La cessation d'activité des fonderies de Montchanin-Le Creusot laisse des ateliers déserts avec une odeur de mort : mort de l'usine,
mort du travail de l'homme, de l'objet industriel, de tout un ensemble de relations, d'interactions entre les hommes.
Destruction des modèles nés des mains des ouvriers modeleurs que l'on appelait à juste titre « les ébénistes de l'industrie ».
Modèle : Appareil permettant de reproduire une pièce déterminée par les procédés utilisés en fonderie pour la réalisation de
l'empreinte du moule dans lequel sera coulée la pièce métallique ( Cf. Larousse).
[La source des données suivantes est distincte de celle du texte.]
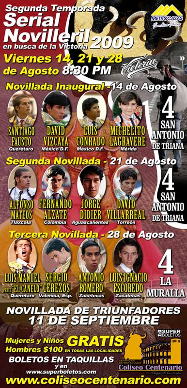 La novillada Inaugural será Mixta ya que actuaran tres novilleros y el niño Torero Michelito Lagravere, quien repite gracias al buen sabor de boca que dejo y que hizo que muchos niños asistieran a todas las novilladas del serial anterior, ya que la promoción de damas y niños gratis hizo que un gran numero de familias asistieran al Coliseo Centenario y con esto se fomento la afición en la comarca Lagunera.

Ce massacre est achevé par le bulldozer qui vide à grands coups de pelle ces ateliers des vestiges de leurs passés.
Mais l'artiste ne fait pas de discours, il organise la fête, face à cette mort il inscrira son activité dans la
satisfaction véhémente de la pulsion de vie. Son résultat sera peut-être comme les masques Dogon ou les effigies Egyptiennes,
des abandons en même temps que des défenses, mais il sera.
L'imaginaire est un voleur. Il voit la richesse des formes, des volumes qu'offrent ces modèles. Dans ce bric à brac de géants, il prélève sa dîme.
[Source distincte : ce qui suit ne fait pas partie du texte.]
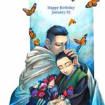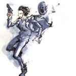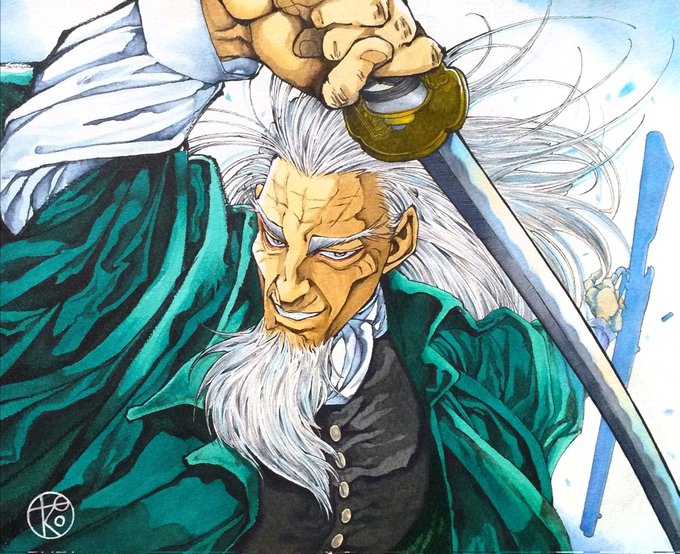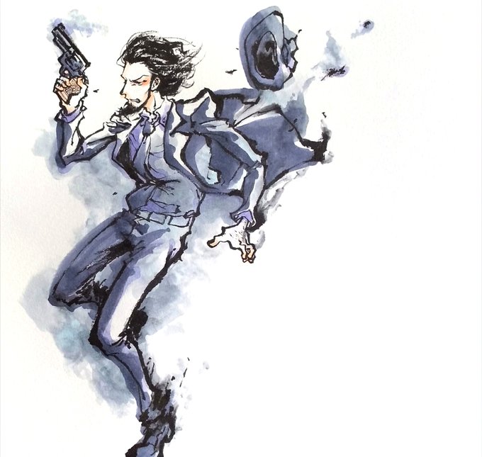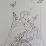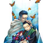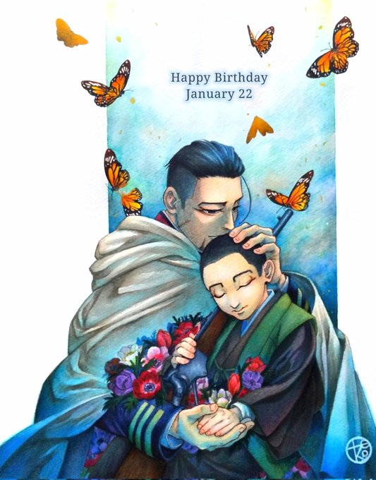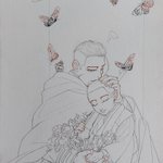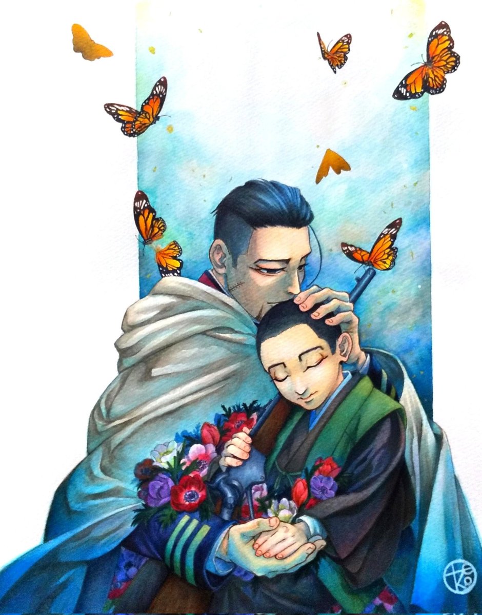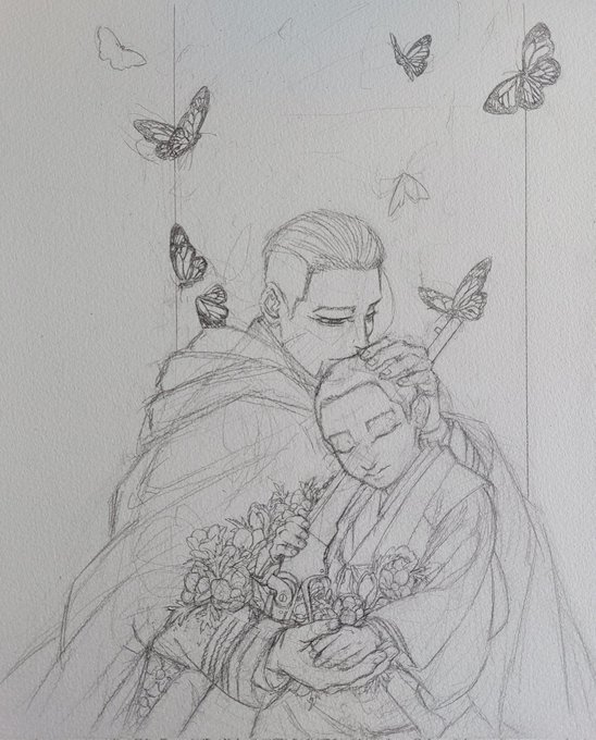 誕生日絵の下書きと線画と完成絵 これがな、こうして、こうなるんじゃよ... 使用画材はいつもと同じくコピック、アルコールマーカー、水彩ペンそしてペンてる筆金の穂 蝶と銃描くの頑張りました #金カムアナログイラスト部

Puis dans l'atelier, sans scrupule, il transforme les uns, en crée d'autres. Il les détourne de leur fonction première. Les appareils
servant à répéter l'objet industriel se font alors l'écho des rêves les plus fous.
L'objet industriel a maintenant assez d'histoire pour parler à notre époque. Il est chargé de mémoire, il est donc sacré.
Son lot est d'être soit ignoré, soit adulé. Entre l'ethnologue et le casseur, l'artiste se glisse et dérobe l'objet pour mieux le dévoiler,
le rendre au autres, aux siens, comme totem de leurs vies. Savoir d'où l'on vient est un repère pour se guider ou l'on va.